CCM: You’re the patriarch now, right?
MWS: Yeah, which is a little insane. So processing all that and making sure my mom’s good, and then, honestly, I didn’t feel like I had it in me to write anything else for a while. I remember saying to my team, “I think I’m just going to take a little break.”
2017 was awful. I don’t know anybody who said, “2017 was incredible.” [Laughs] And I’m not talking just politics. Lost loved ones. Even in the Smith family, we’ve had a trial like no other with one of our kids. And social media, and the bullying thing, and people taking their own lives—just awful. One day, I started writing a song, and I thought it was a good one. And then they just kept coming. I thought, I’ve got something to say. All of a sudden, I couldn’t hit record quick enough.
CCM: Was that the first time in a while that you felt that kind of energy, as far as from a songwriting perspective?
MWS: Yeah. [The first time in] three years probably. I always panic. It happens every few years, and I think, Well, it’s over. I’ve got to get another job. It’s been a great run. [Laughs] And then all of a sudden, it’s like, Wow, where’d that come from? I feel like I went to another territory, got on a plane and went to a country far, far away and discovered something, because I’m not just going to do the same ol’ thing. I’m not going to play it safe.
CCM: What continues to drive you—to continue to push you through to new ideas, new things?

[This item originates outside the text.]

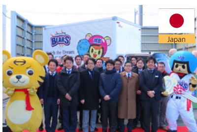
Supporting activities of a local baseball team called Saitama Musashi Heat Bears

MWS: I think this is what I’m made for. It would be different if I was tired, or sick, or I just didn’t want to do this anymore. That’s not the case. I’m still passionate—maybe more than I ever have been, believe it or not. I think the reason for that is … well, there’s mystery because there’s part of it that I don’t know, but I do know a big part of it is that, for the most part, I don’t really care what people think anymore. That is a freeing place. And so instead of comparing myself, which is very, very dangerous—and I’ve done it, every artist has done it—it’s so easy because everybody wants to be the man, and we’re supposed to be the little man, you know? We’re supposed to be small. If God’s going to raise us up, we have to be small. So not caring what people think has propelled me into, “I’m going after it,” but going after it in a pure way and not to try to prove anything.